Background
Henning von Tresckow was born in Magdeburg on 19 January 1901.
Henning von Tresckow was born in Magdeburg on 19 January 1901.
An officer during World War I and subsequently a successful stockbroker, von Tresckow rejoined the Reichswehr in 1924. For a time he sympathized with National Socialism, but later opposed the Hitler régime and became the heart and soul of the conspiracy among army officers fighting on the eastern front.
At the beginning of World War II, von Tresckow was General Staff officer of an infantry division in East Prussia and distinguished himself in the Polish and French campaigns. Promoted to Major General, he later served as Chief of Staff of the Army Group Centre on the Russian front and tried unsuccessfully to persuade Generals von Kluge and Fedor von Bock to join in a military coup in which Hitler would be arrested and brought to trial. Determined to end the war before the German armies collapsed on the eastern front, von Tresckow began to plan an independent assassination attempt at the end of 1942.
On 13 March 1943, assisted by his aide Fabian von Schlabrendorff, he enticed Hitler to Smolensk and smuggled a time bomb into his aircraft which failed to go off on the return flight. Von Tresckow also played a leading role in the plans for several other attempts on Hitler’s life during 1943 and in October of the same year joined forces with Claus Schenk Graf von Stauffenberg, who now became the central figure in the conspiracy.
The Allied invasion of Normandy gave a new urgency to their plans and von Tresckow stressed to those who still hesitated the need to prove to the world and future generations ‘that the German Resistance movement dared to take the decisive step and hazard their lives on it’.

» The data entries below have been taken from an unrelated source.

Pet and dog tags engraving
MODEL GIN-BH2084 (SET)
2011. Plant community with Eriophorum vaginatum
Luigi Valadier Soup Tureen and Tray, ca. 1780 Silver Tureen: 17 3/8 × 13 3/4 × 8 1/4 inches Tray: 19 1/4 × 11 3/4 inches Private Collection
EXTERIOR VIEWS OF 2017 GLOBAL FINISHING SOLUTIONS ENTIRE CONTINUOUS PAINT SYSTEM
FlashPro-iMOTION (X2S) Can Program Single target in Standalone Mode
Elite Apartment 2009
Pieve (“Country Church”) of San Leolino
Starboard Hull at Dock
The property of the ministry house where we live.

The failure of von Stauffenberg’s attempt on 20 July 1944 convinced von Tresckow to commit suicide rather than endanger other conspirators by revealing information under torture. A Prussian conservative and a man of unusual integrity, von Tresckow took his own life with a hand grenade on 21 July 1944.

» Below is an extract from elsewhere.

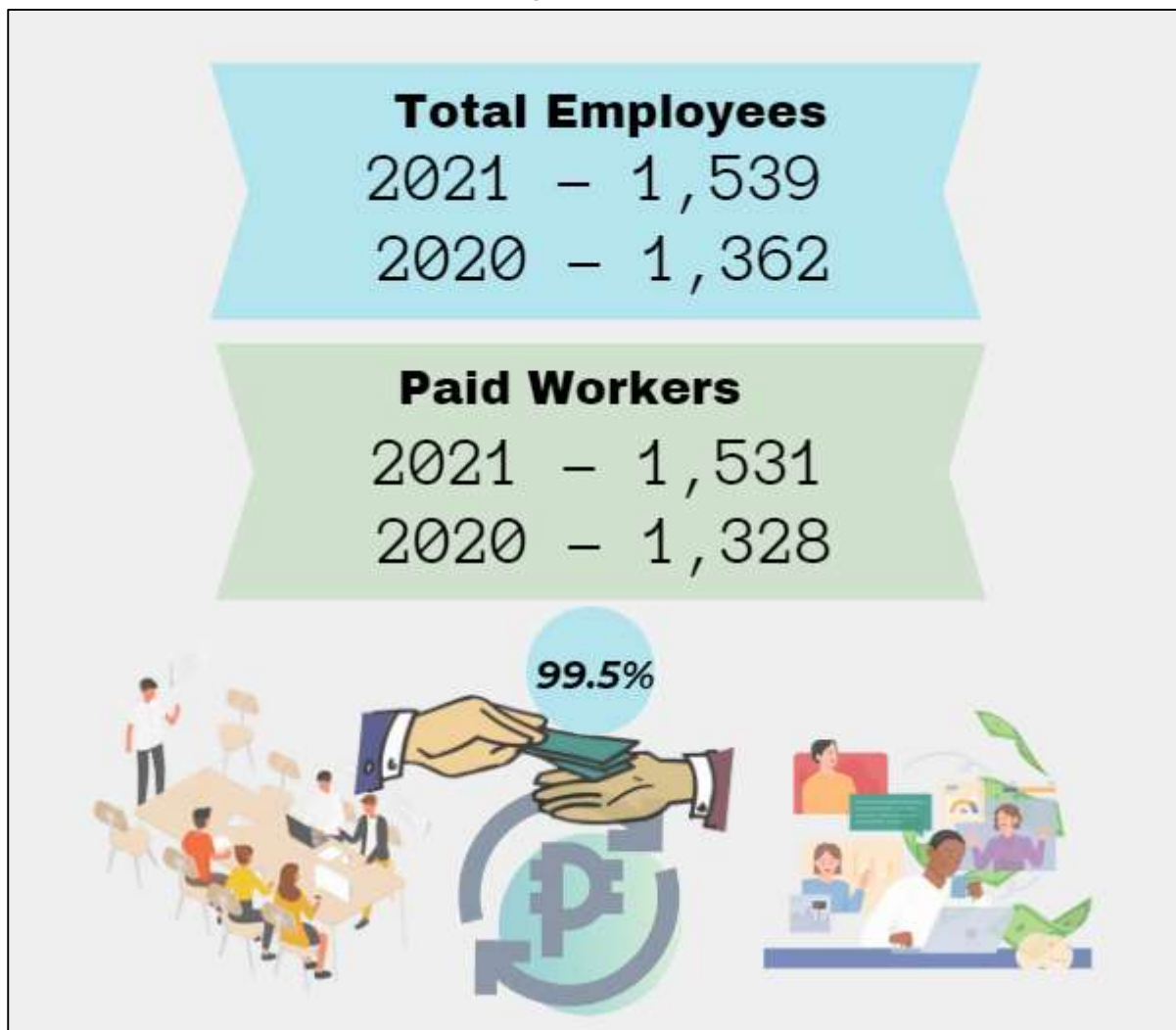
Figure 2. Employment in the Information and Communication Section, Ilocos Region: 2021 vs 2020

Before taking final leave of his friend von Schlabrendorff, his last words denounced Hitler as ‘the arch-enemy of Germany . . . the arch-enemy of the world'. He recalled the Biblical promise to Abraham to spare Sodom if there were ten just men in the city.
Quotations:
‘He will, I hope, spare Germany because of what we have done and not destroy her. None of us can complain. Whoever joined the Resistance put on the shirt of Nessus. The worth of a man is only certain if he is ready to sacrifice his life for his convictions.’